No sé si dispongo en mi caja de herramientas de la apropiada para juzgar la muestra de un género que no trabajo. Tal vez mi mirada pueda estar una miaja adiestrada en la percepción incontestable de la belleza, o quizás sea una presunción por mi parte presumir de algo en lo que la razón solo es una acompañante ancilar del corazón, ese pálpito diáfano que no va aparejado a cátedras ni títulos. En fin, como mi don Latino particular me empieza a avisar de que no me ponga estupendo y uno tampoco hace alardes de poseer un cráneo privilegiado, les comentaré que todavía en mi memoria rebosan la emoción y el asombro cuando recuerdo Utopía, el espectáculo que María Pagés presentó recientemente en Madrid. 

 

Nunca había visto a la gran bailarina y coreógrafa en escena. Presencio habitualmente, con denuedo profesional y ejemplar dedicación a la causa, muchas funciones teatrales, y la danza es un lujo en mi menú cotidiano que rara vez me puedo permitir, acicateado por la urgencia y la frecuencia de los estrenos. Pero esta vez alguien me convenció para ver a la Pagés y yo, lo confieso, no me hice mucho de rogar. Jamás me arrepentiré.
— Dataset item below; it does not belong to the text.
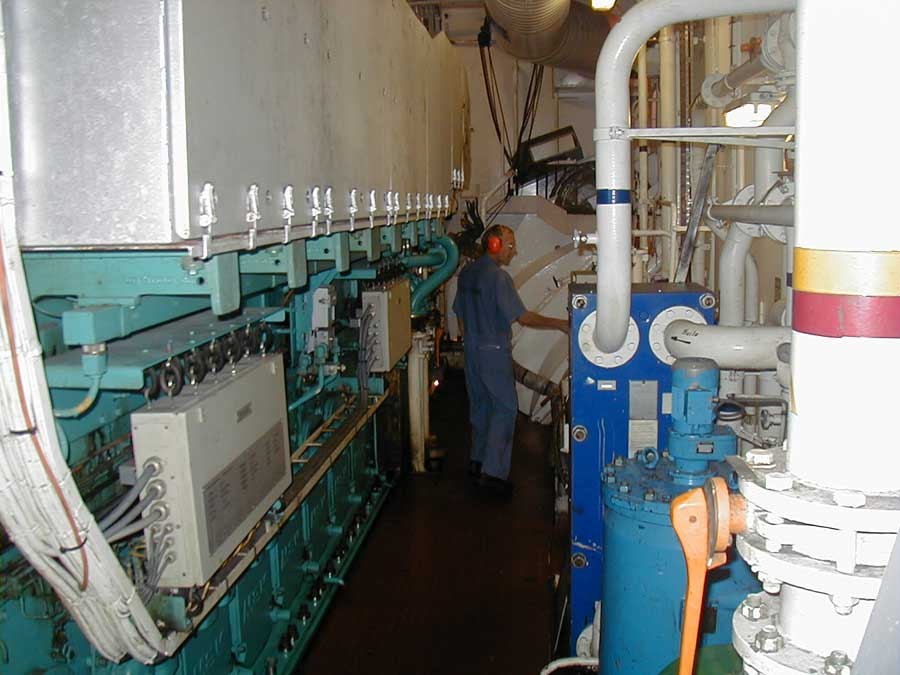 The main engine of the Chassiron : MAK 8M32, 600 rpm.

Esta sevillana de planta antigua, de perfil de cartel de café cantante y poderosa quijada de quien no teme los desafíos, alberga la fascinante hermosura de esas raras mujeres de físico alejado de los cánones que parecen encendidas por dentro, un algo personal, inaudito, tremendo.

 

Sobre el escenario se transfigura en animal mitológico, esfinge sabia que seduce y cautiva con un quiebro, el vuelo de la cola imposible de un bellísimo vestido de baile, un desplante, el taconeo que remite al ritmo del pulso primigenio. Conoce los arcanos del movimiento ancestral, mueve la cintura y a su ritmo gira entero el planeta. Pura flor de utopía que germina y crece en el filo de un latido hecho carne, el verbo insurgente convertido en materia sensible para habitar entre nosotros. 

 

El espectáculo está hecho a su imagen y semejanza. Suyas son la idea, la dirección y la coreografía, la escenografía y el diseño del bonito vestuario, armonizado en una gama de grises, blancos y negros, con el estallido del rojo como contrapunto apasionado. En la escenografía, tres cables grises sujetos por varios tirantes conforman una suerte de pentagrama flexible que sugiere espacios, crea ámbitos, alimenta perspectivas insólitas; una idea sencilla y espectacular que, vestida por la iluminación casi táctil de Pau Fullana, irradia en determinados momentos la serenidad intensa y la intimidad atormentada de una obra de Rothko. Y en otros se entrega a la sensualidad curvilínea de los diseños de Oscar Niemeyer, arquitecto cuya semilla está en el fondo de este proyecto. “Oscar Niemeyer –afirma la bailaora- me recordó que en la humanidad no hay jerarquías, que todos estamos en una misma y única dimensión. Oscar me recordó que en esta igualdad reverdece la esperanza de poder cambiar el mundo. Porque todos reímos y lloramos. Y todos nacemos y morimos…”.

 

No he dicho aún que este es un espectáculo flamenco, pero no de ese flamenco que huele a serrín antiguo, y que es legítimo, faltaría más, allá cada cual con los ingredientes de su puchero. Es un flamenco de calidades contemporáneas, de movimientos que en ocasiones podrían mirarse cabalmente en el espejo de Pina Bausch sin que mengüe su jondura. Un flamenco en el que Ana Ramón y Juan de Mairena, que están al cante, entonan con sentimiento y desgarro letras extraídas de textos de Baudelaire, Cervantes, Machado, Benedetti y Neruda, entre otros, que apelan al idealismo y la imaginación, que reclaman la solidaridad y apuestan por el inconformismo mientras apuran con pasión la fugaz copa de la vida.

 

La compañía de María Pagés es joven y vigorosamente armónica, enredada en una complicidad optimista que se traduce en brío, entrega, búsqueda de la perfección, limpio efectismo, energía caudalosa. Un trabajo formidable. Sí, Utopía me gustó mucho, y al público que abarrotaba el Teatro Español, también. No sé si mis palabras reflejan o no lo que es el espectáculo, ya les avisé de que no trabajo el género. Puedo haberme equivocado con las herramientas, no con el corazón.